Q: With all of this indeed happening all over the world, what can be done? What is there for the international community to do to protect journalists? 

Ann Cooper: I think there is a lot of debate about that right now amongst advocacy groups. They are not going to stop doing the most important thing that they do, which is to document abuses and publicize them. That is step one. You always have to have that research, you always have to be able to say: whoever is in charge of China at the moment is the enemy of the press because they have dozens of journalists in prison, more than any other country. You need that factual information to make the case. 

A difference today is, you could make that case and then often go to Western leaders, the EU, or other entities and present that information. They would bring up these cases, and that could make a difference. There is less of that happening, perhaps, from the side of the Western governments, and less responsiveness from the authoritarians. 

When the last Olympics happened in China in 2008, press freedom groups, human rights groups used that spotlight on China to try to spotlight the abuses. That was the time when there was some more responsiveness. I just do not hear about that happening right now. I certainly hear the groups calling out human rights records, freedom records. I just see the West doing less with that information. 

I think one result of this is human rights groups looking at what some of our new strategies are.

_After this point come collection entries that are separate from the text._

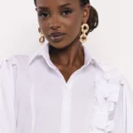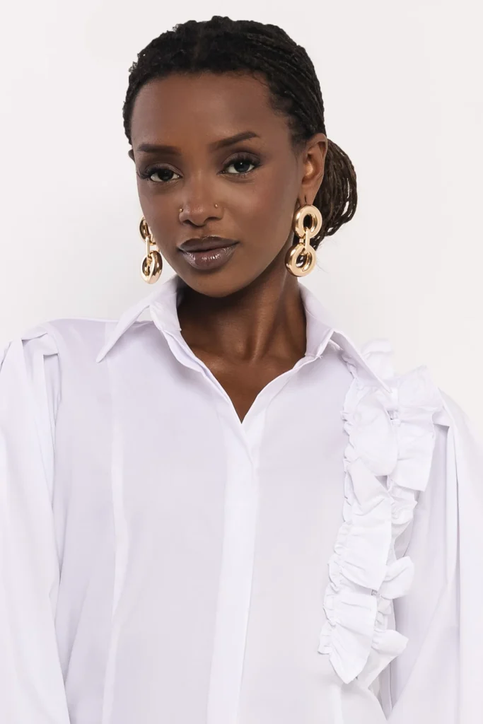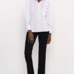 Az AMNESIA Boston blúz klasszikus gallérja és finoman puffos ujja időtlen sikket sugall, míg az aszimmetrikus, fodrokkal díszített vállrész játékos, mégis kifinomult részlet, amely különlegessé teszi a darabot. A puplin anyag könnyed tartást ad, miközben egész nap kellemes viseletet biztosít.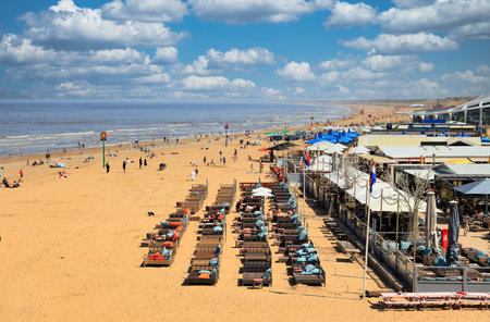Scheveningen, Netherlands - August 24, 2021: People enjoying at a busy beach on a sunny day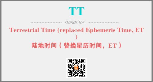 上述内容是“Terrestrial Time (replaced Ephemeris Time, ET)”作为“TT”的缩写,解释为“陆地时间(替换星历时间,ET)”时的信息,以及英文缩略词TT所代表的英文单词,其对应的中文拼音、详细解释以及在英文中的流行度和相关分类、应用领域及应用示例等。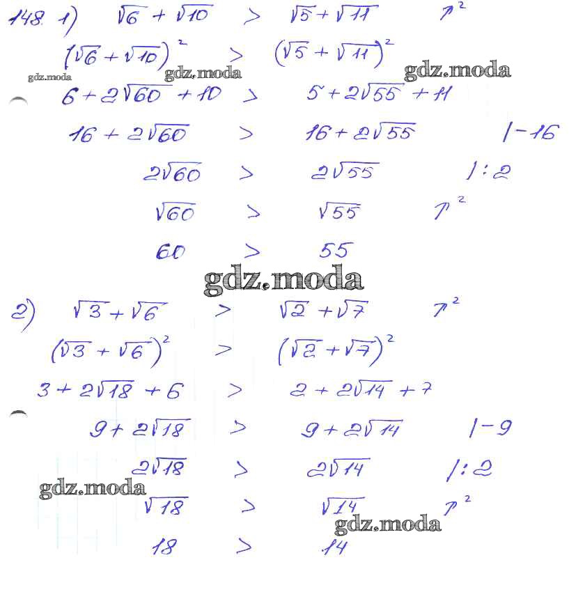 ОТВЕТ на задание № 148 Сборник заданий по Алгебре 9 класс Кузнецова

Can we look at cases where journalists have successfully stood up, successfully fought repression? Are there lessons that can be applied in other countries? It is also important to keep journalists globally unified and let them know, “You are not alone.” 

It is important for journalists to know that the global journalism community is paying attention, documenting, speaking out, and looking at strategies that can give them more support and help them fight back against leaders who are particularly repressive. I think we are at a moment where over the next few years, I hope, we are going to start seeing some new strategies emerging. I do not think we are quite there yet.

This interview was conducted before the war in Ukraine erupted.